Task item >> Write out again the lines from the line with "تصویر بالایی در" up to and including the line with "3. 穿越障碍:找一个过道,左右两边贴一", exactly as they stand below, and skip any picture.

Records for processing >>
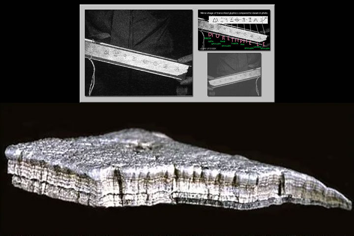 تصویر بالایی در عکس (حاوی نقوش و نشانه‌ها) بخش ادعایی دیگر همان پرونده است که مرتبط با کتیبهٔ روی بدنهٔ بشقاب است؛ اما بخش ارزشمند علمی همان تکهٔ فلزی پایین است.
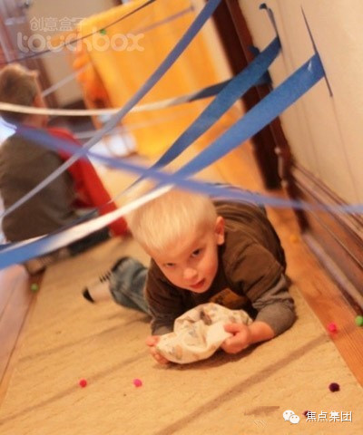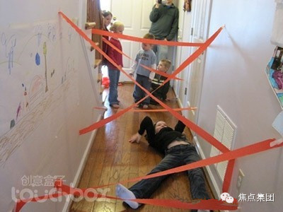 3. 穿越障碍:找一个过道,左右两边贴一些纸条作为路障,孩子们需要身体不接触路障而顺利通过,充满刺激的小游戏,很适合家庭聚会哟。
---
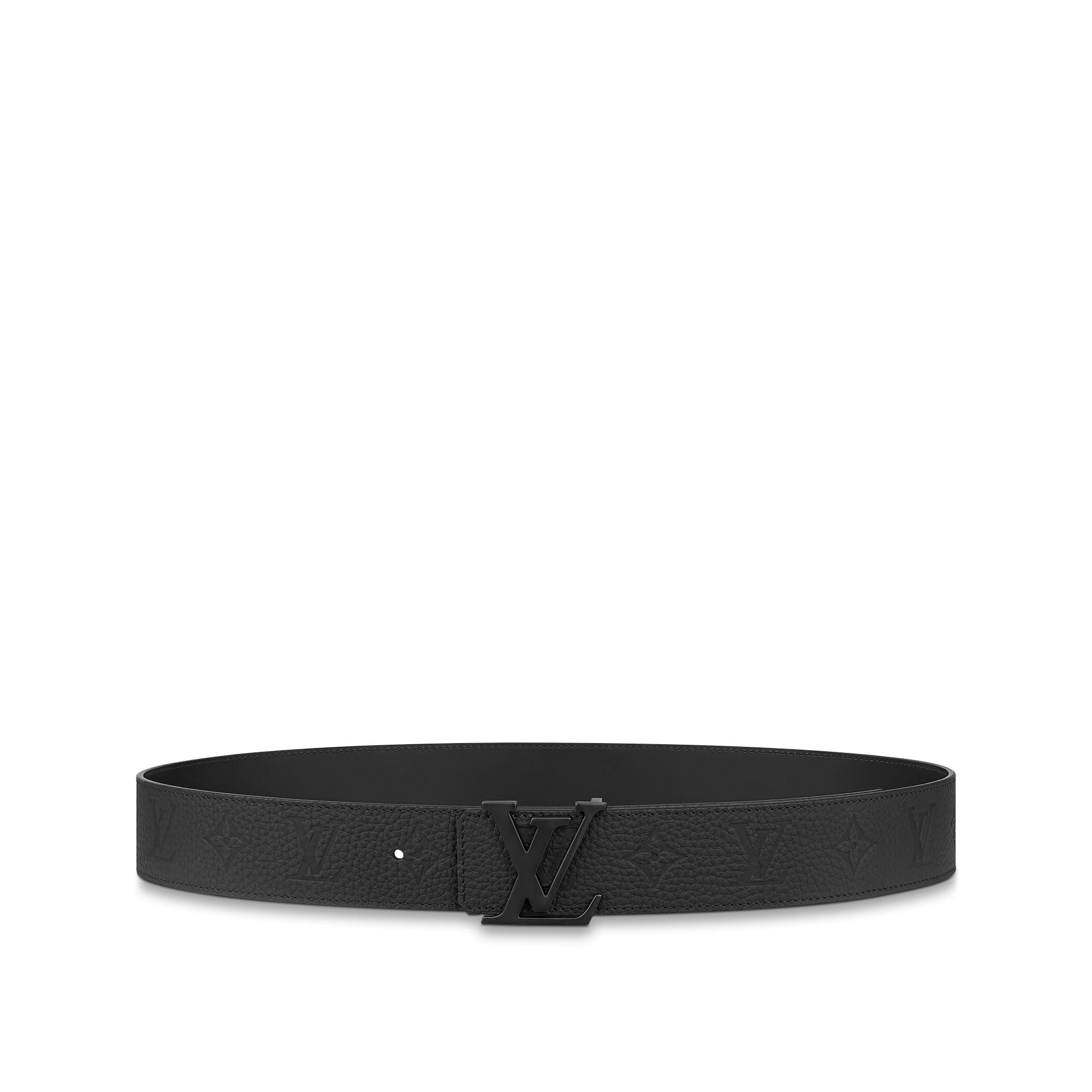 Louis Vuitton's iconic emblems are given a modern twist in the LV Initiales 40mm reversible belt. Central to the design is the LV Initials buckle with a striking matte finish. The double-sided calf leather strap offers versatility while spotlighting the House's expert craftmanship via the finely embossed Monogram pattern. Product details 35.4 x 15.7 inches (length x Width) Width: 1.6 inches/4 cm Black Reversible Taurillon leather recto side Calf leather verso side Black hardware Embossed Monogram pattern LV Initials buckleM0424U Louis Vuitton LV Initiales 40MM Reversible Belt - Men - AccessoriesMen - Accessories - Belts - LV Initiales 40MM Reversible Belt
==
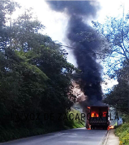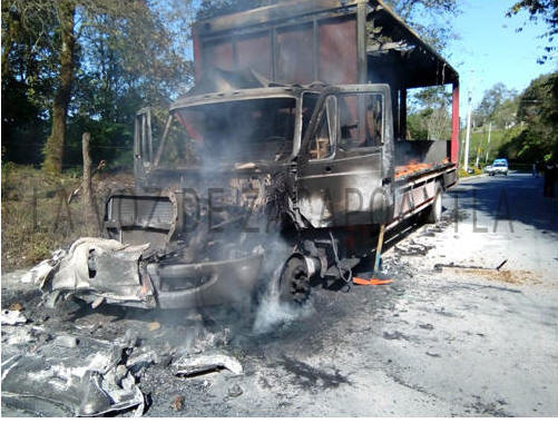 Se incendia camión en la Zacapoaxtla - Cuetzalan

Written solution >>
 تصویر بالایی در عکس (حاوی نقوش و نشانه‌ها) بخش ادعایی دیگر همان پرونده است که مرتبط با کتیبهٔ روی بدنهٔ بشقاب است؛ اما بخش ارزشمند علمی همان تکهٔ فلزی پایین است.
 3. 穿越障碍:找一个过道,左右两边贴一些纸条作为路障,孩子们需要身体不接触路障而顺利通过,充满刺激的小游戏,很适合家庭聚会哟。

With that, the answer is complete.